I spent much of the book believing that Percival is a figment of Lancelot’s imagination. The brilliance of Lancelot‘s format is that by addressing the reader directly, we become Percival, the priest who hears his confession and his deranged ideas about ushering in a new order.
Good book. Highly recommended.
On to the quotes:
Next follows catastrophe of some sort. I can feel it in my bones. Perhaps it has already happened. Has it? Have you noticed anything unusual on the “outside”? I’ve noticed that the doctors and guards and attendants here who are supposed to be healthy — we’re the sick ones — seem depressed, anxious, gloomy, as if something awful had already happened.

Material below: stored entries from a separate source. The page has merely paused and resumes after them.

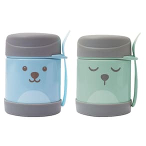 Kit 2 pote térmico alimentação comida do bebe infantil aço inoxidável com talher papinha gumy Cor: azul/verde Kit com 02 potes.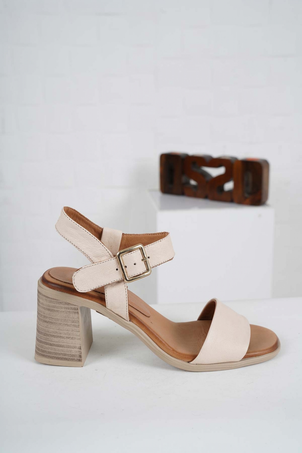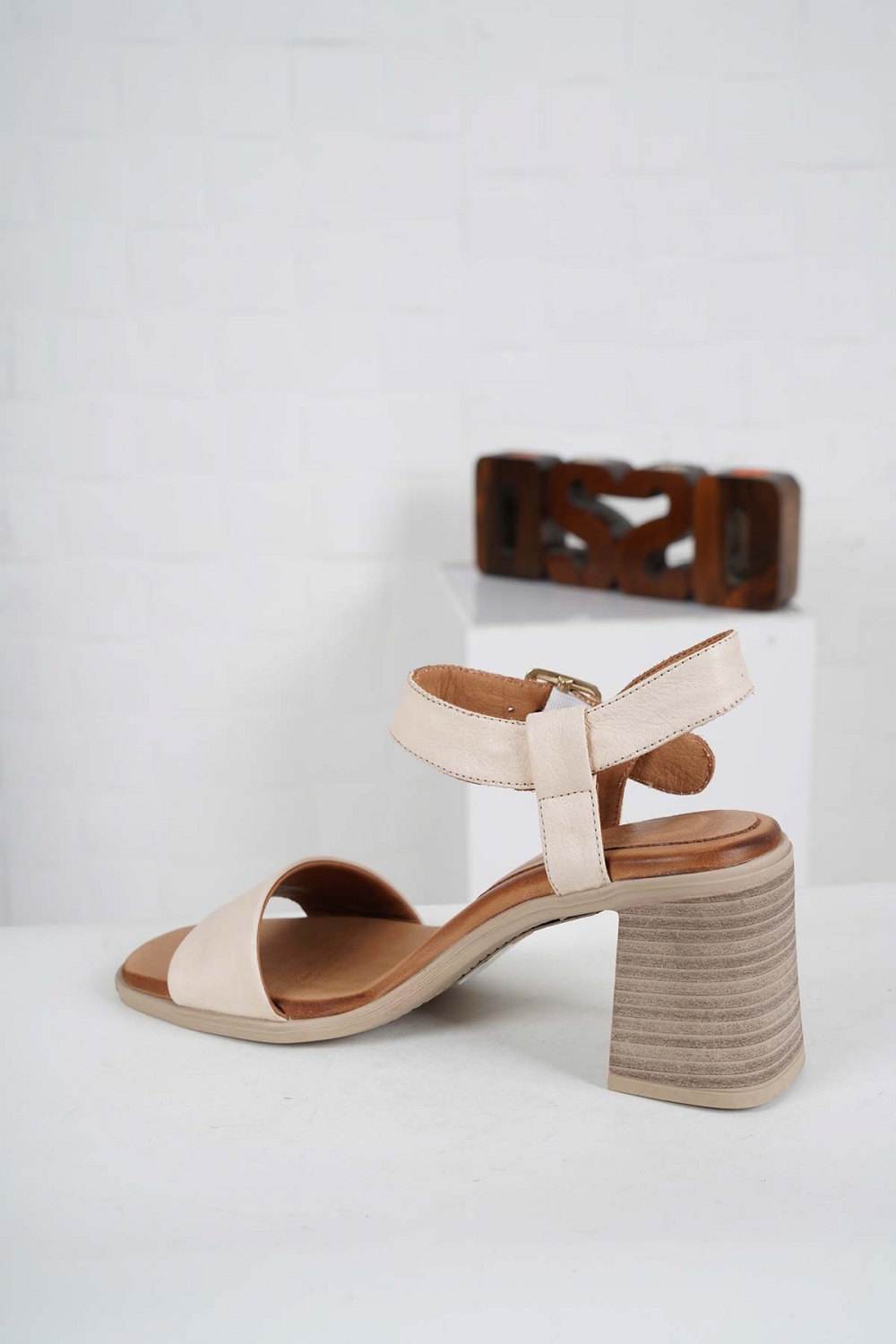 Hakiki Deri Bej Kadın Yüksek Topuklu Sandalet 241126514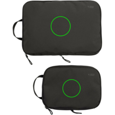 A set of 2 packing cubes made with 100% RPET that can expand and compress to optimise packing space helping you pack more efficiently and stay organised. The small cube measures L25*W18*H10 cm with a volume of 4.5L. The large cube measures L36*W25*10 cm with a volume of 9L. Flat size 3cm and expanding up to 10cm. With AWARE™ tracer that validates the genuine use of recycled polyester.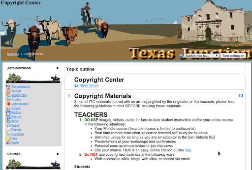 Once you’ve setup your metacourse with the resources–in this case, a Copyright Center as shown below–you’re ready to move on to the next step:
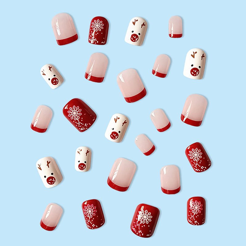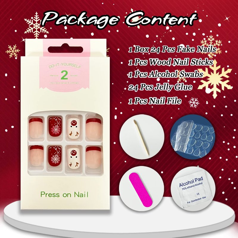 - 🎄【Package Contains】:24 Pcs Christmas short false nails, 24 pieces of jelly glue, 1 piece of alcohol cotton, 1 mini nail file, 1 wooden stick.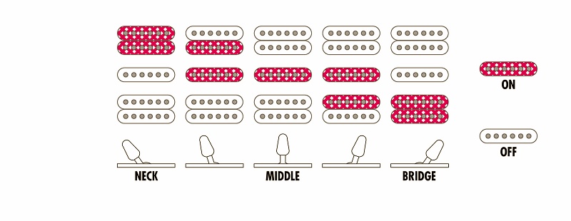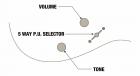 - Controls, Pickup selector 1 Volume, 1 Tone, 5-way lever switch
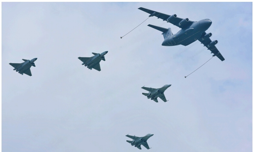 A YU-20 aerial tanker performs mock aerial refueling for a J-20 fighter jet and a J-16 fighter jet, escorted by another J-20 and another J-16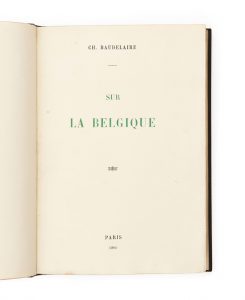 BAUDELAIRE, Charles (1821-1867) — Sur la Belgique — Paris, s.n., 1890 — In-8 (22,7 x 15,5 cm), maroquin gris anthracite, un Manneken-Pis mosaïqué de couleurs différentes et doré sur le premier plat, dos lisse, titre doré en long,...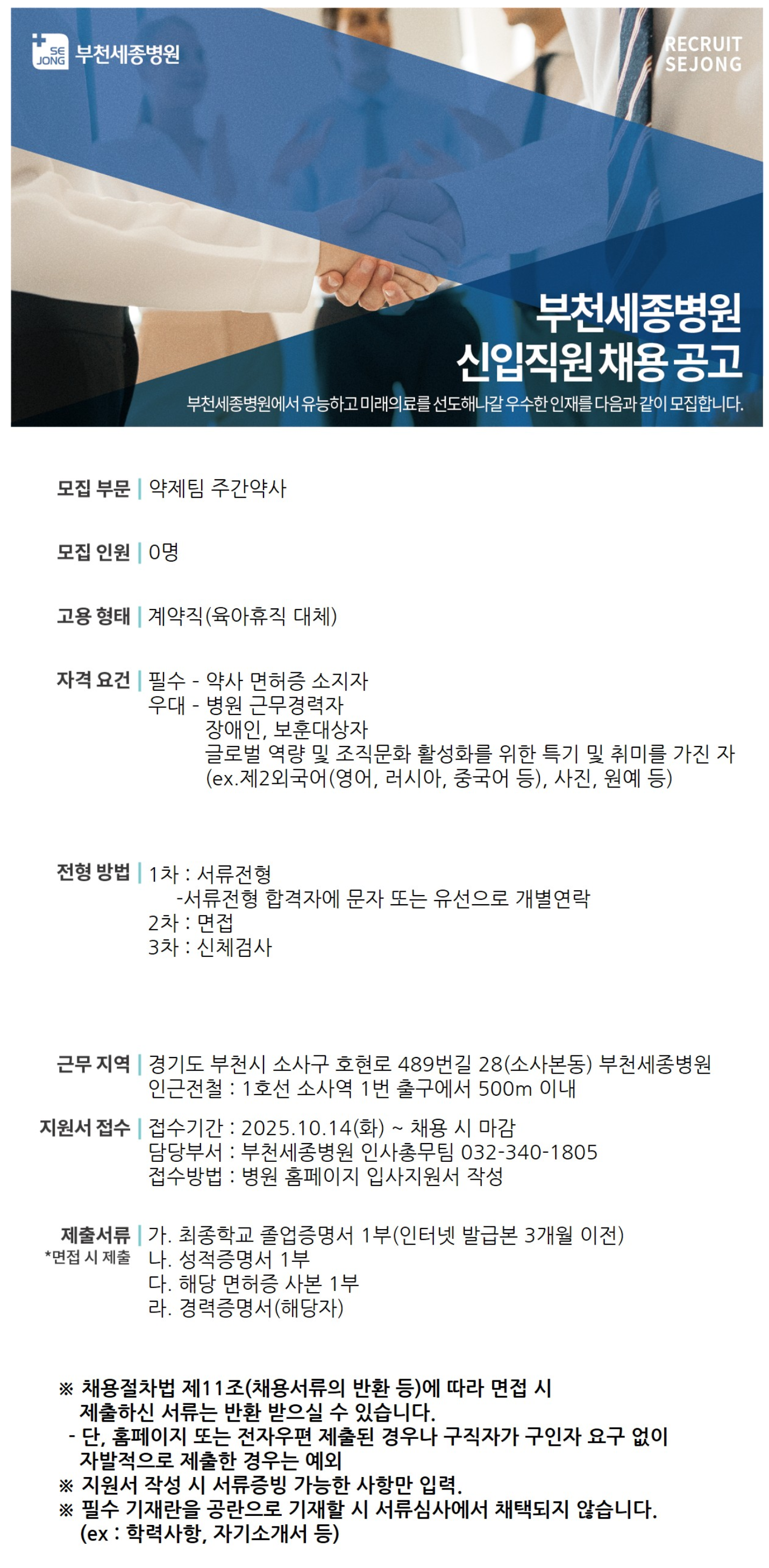 [ºÎõ¼¼Á¾º´¿ø] ¾àÁ¦ÆÀ ÁÖ°£¾à»ç ä¿ë°ø°í(°è¾àÁ÷)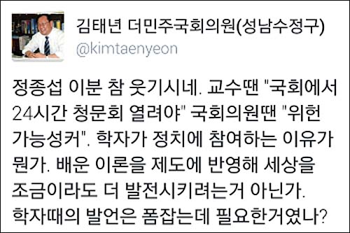 김태년 더민주 의원은 “학자가 정치에 참여하는 이유가 뭔가. 배운 이론을 제도에 반영해 세상을 조금이라도 더 발전시키려는 거 아닌가”라며 “학자 때의 발언은 폼 잡는데 필요한 거였나?”라고 꼬집었다.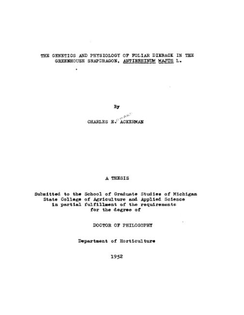 The genetics and physiology of foliar dieback in the greenhouse snapdragon, Antirrhinum majus L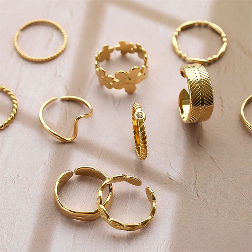 Questa pratica gamma di anelli in acciaio inossidabile è composta da anelli con disegni diversi, come un fiore e un cuore. Tutti gli anelli sono disponibili in oro e argento e sono regolabili. Una serie bellissima da aggiungere alla tua collezione di gioielli!
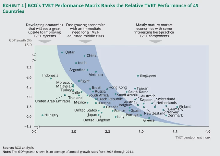 Because education systems are strongly correlated with the level of economic development within a given country, we plotted the countries’ TVET performance against GDP growth over the past six years. (See Exhibit 1.) This broke our universe of 45 countries into three clear bands: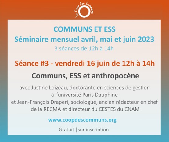 La troisième séance du séminaire Communs et ESS de La Coop des Communs aura lieu le vendredi 16 juin de 12h à 14h en format hybride autour du thème : « Communs, ESS et anthropocène », avec Justine Loizeau, doctorante en sciences de gestion à l’université Paris Dauphine et Jean-François Draperi, sociologue, ancien rédacteur en chef de la RECMA et directeur du CESTES du CNAM.
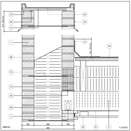 Bagmur: Tegl Tilslutning (lodret snit) Træbjælkelag Tagfod (fladt tag) Tegl i bagmur Hulmur, 468 mm

Talk? Talk about what? Some years ago I discovered that I had nothing to say to anybody nor anybody to me, that is, anything worth listening to. There is nothing left to say. So I stopped talking. Until you showed up. … It’s strange, I have to tell you in order to know what I already know. I talk, you don’t. Perhaps you know even better than I that too much has been said already. Perhaps I talk to you because of your silence. Your silence is the only conversation I can listen to.
That was one of the pleasures of the sixties: it was so easy to do a little which seemed a lot. We basked in our own sense of virtue and in what we took to be their gratitude. Maybe that was why it didn’t last very long. Who can stand gratitude?
I’ve discovered that even in this madhouse if you tell someone something, face to face, with perfect seriousness, without emotion, gazing directly at him, he will believe you. One need only speak with authority.